Almarhum Prof Halide.
Oleh: armin mustamin toputiri
HALIDE, nama yang kental dengan aksentuasi Bugis. Serapan bahasa Arab, “Khalid” berati; kekal abadi. Nama Khalid melekat pada sosok panglima perang dari klan aristokrat suku Quraisy. Setelah memeluk Islam, ia berperan penting dalam sejarah awal Islam, lewat beberapa peperangan dan penaklulan.
Professor Halide, wafat siang tadi. Mengingatkan saya pada satu sejawatnya lagi, Profesor Kustiah Kristanto. Dua GUru Besar Fakultas Ekonomi Unhas ini, memberi saya “pembelajaran”. Meski telah berlalu sekira 40-an dan 30 tahun lalu, tapi ajarannya kuat melekat dalam memori ingatan saya.
Halide kala itu Sarjana Ekonomi, sosok yang gesit, tangkas dan cerdas. Dia salah satu pengurus DPP IMMIM yang diketuai H Fadeli Luran. Halide sesekali datang mengajar di Pesantren IMMIM, tapi di era saya hanya sesekali datang, memberi ceramah motivasi agar tekun menuntut ilmu.

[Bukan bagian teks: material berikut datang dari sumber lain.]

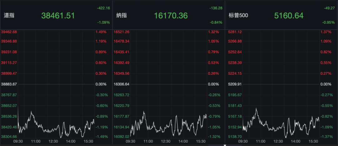 这份最新的会议纪要公布后,美股三大指数小幅反弹,截至收盘,道指跌1.09%,纳指跌0.84%,标普500指数跌0.95%。

Sepenggal kalimat ceramahnya kala itu, kuat mempengaruhi perjalanan hidup saya; “Mencari ilmu itu bisa didapatkan dimana saja. Contohi saya, masa remaja saya, susah dapat koran. Maka, kalau saya ketemu sobek-sobekan koran, saya pungut, lalu saya baca. Dari sobekan koran itu, saya dapat ilmu…”

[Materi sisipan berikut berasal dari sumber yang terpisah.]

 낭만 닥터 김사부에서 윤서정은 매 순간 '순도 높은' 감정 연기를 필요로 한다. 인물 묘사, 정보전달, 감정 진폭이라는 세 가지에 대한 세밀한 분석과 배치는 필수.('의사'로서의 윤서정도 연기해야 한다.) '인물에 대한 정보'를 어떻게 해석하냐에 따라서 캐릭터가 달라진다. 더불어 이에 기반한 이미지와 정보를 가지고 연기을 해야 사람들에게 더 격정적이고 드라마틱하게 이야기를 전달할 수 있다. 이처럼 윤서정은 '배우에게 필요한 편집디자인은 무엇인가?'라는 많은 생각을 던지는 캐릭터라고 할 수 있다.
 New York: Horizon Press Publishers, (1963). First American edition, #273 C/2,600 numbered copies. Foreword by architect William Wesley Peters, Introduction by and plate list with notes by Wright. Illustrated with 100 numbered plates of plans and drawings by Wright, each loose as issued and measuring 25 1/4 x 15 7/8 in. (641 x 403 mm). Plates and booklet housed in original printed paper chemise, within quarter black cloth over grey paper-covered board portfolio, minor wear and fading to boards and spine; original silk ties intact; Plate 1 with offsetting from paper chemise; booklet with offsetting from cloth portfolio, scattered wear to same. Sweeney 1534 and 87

Waktu bergulir, saat memimpin Senat Mahasiswa, saya mengundang Bu Kustiah ikut jadi pembicara seminar. Saya datang ke kediamannuya menjemput makalah. Kok? Muka saya berkerut, makalahnya diketik di atas kertas bekas. Sebelah kertas yang telah terisi, disilang. Sebelah diisi ketikan makalahnya. Melirik muka saya berkerut, bu Kustiah menegur, “Daripada kertasnya dibuang!”.
Setelahnya, ajaran Halide juga ajaran Kustiah, saya padu. Masa kuliah, saya tak langganan koran. Tapi, tiap akhir bulan saya keliling menjemput tumpukan koran bekas di rumah teman yang orangtuanya langganan koran. Selesai membaca, artikel menarik dan penting, saya gunting. Lalu menempelnya di atas kertas bekas skripsi teman-teman kuliah saya. Hasilnya, klipping koran.

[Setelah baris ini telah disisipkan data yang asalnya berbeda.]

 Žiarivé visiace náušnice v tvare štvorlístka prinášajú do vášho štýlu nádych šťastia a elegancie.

Sialnya, suatu kali Ibu saya datang dari kampung, tak tega melihat rumah saya bertumpuk koran bekas, juga guntingan-guntingan yang bertabur tak beraturan, dilantai. Jalan pintas, ibu saya membakarnya. Duh! “Tanggalnya kan sudah mati nak, jadi saya bakar saja. Daripada rumahmu kotor”.
Syukurlah, sebagian telah mewujud klipping. Giliran teman-teman kuliah butuh butuh reference untuk penyusunan skripsi – era itu hanphone dan saluran internet belum ada – kumpulan klipping itu jadi rebutan. Boleh, syarathnya nanti datang jemput copiyannya. Tak gratis, tukar sebungkus rokok hi hi hi..
Sisa-sisa klipping koran bekas itu, hingga kini masih menumpuk di perpustaakn pribadi saya di rumah. Sekian tahun lalu, ibu saya bahagia karena tak melihat tumpukankoran bekas itu lagi. Ibu saya tak tahu jika ukoran-koran bekas itu, kini telah berada dalam dokumen digital perpustakaan saya.
Selamat berpulang Prof Halide, sesuai pengartian namanya “kekal abadi”. Ajarannya pun, kekal abadi.